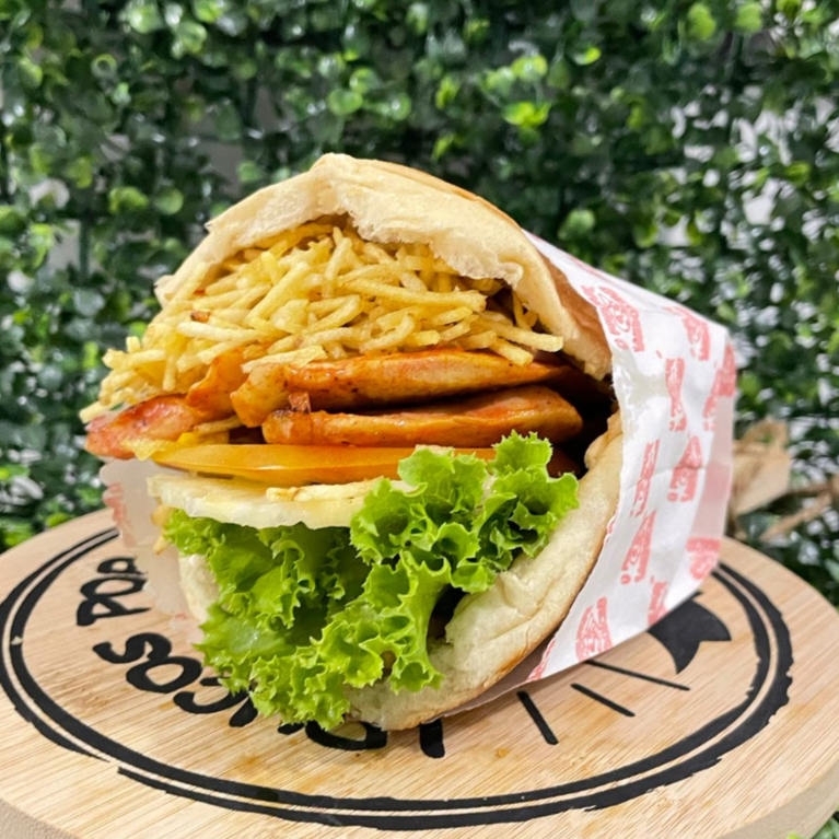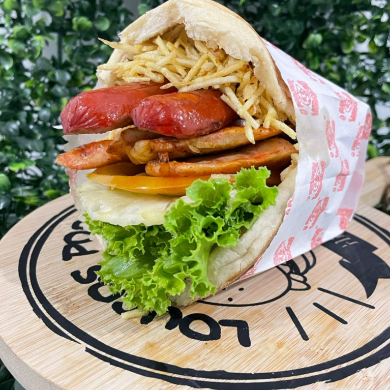 Pão, carne, salsicha, presunto, mucarela,
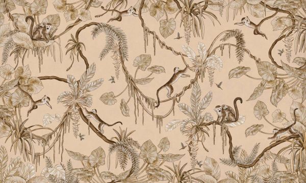 Fotobehang - Playful Monkeys - Vintage - Beige
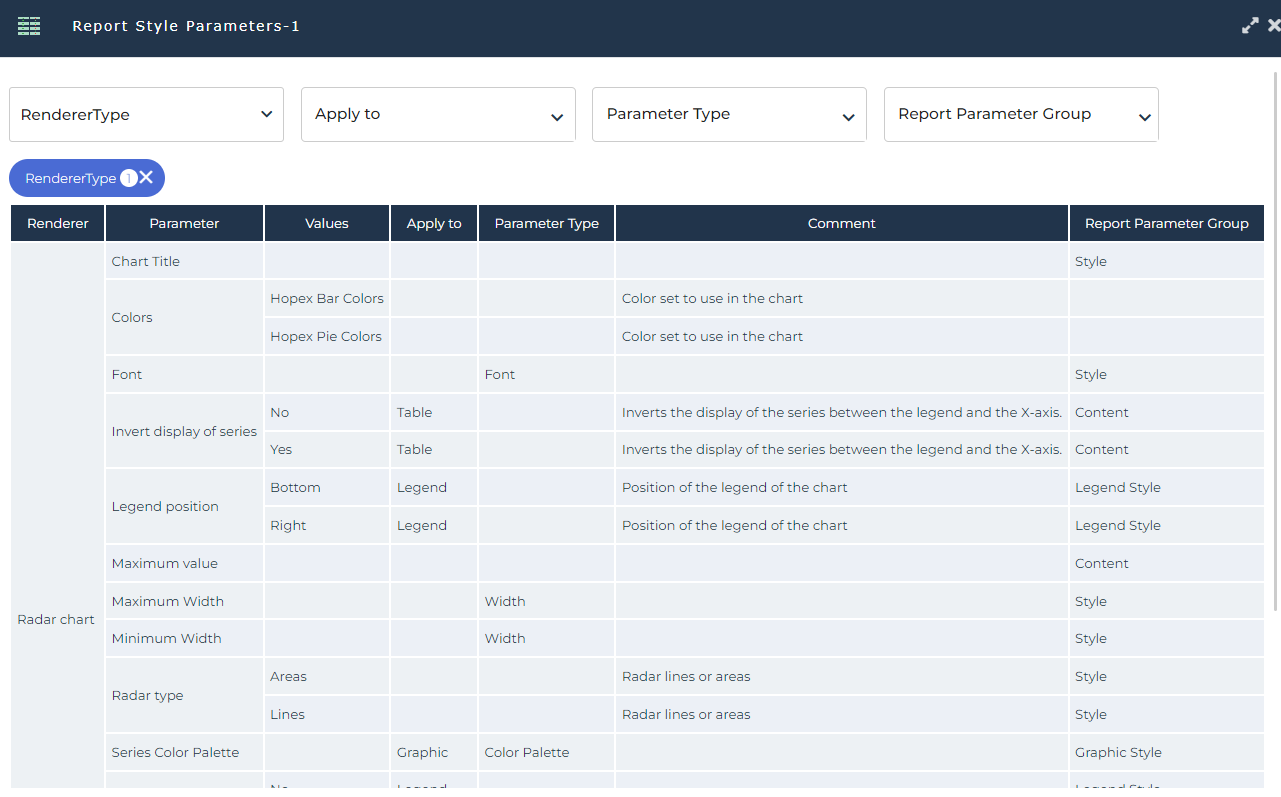 Example: in the RendererType filter select "Radar chart" to display the radar chart renderer information only.
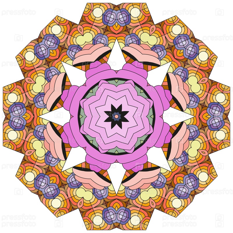 Декоративный круглый орнамент. Необычная форма цветка. Восточный вектор, схемы антистрессовой терапии. Переплетение элементов дизайна. Вектор логотипов йоги
******************************
What is being asked - Leave out any pictures and return exactly the lines from the beginning of the data through the line with "Example: in the", inclusive.

Output of the task -
 Pão, carne, salsicha, presunto, mucarela,
 Fotobehang - Playful Monkeys - Vintage - Beige
 Example: in the RendererType filter select "Radar chart" to display the radar chart renderer information only.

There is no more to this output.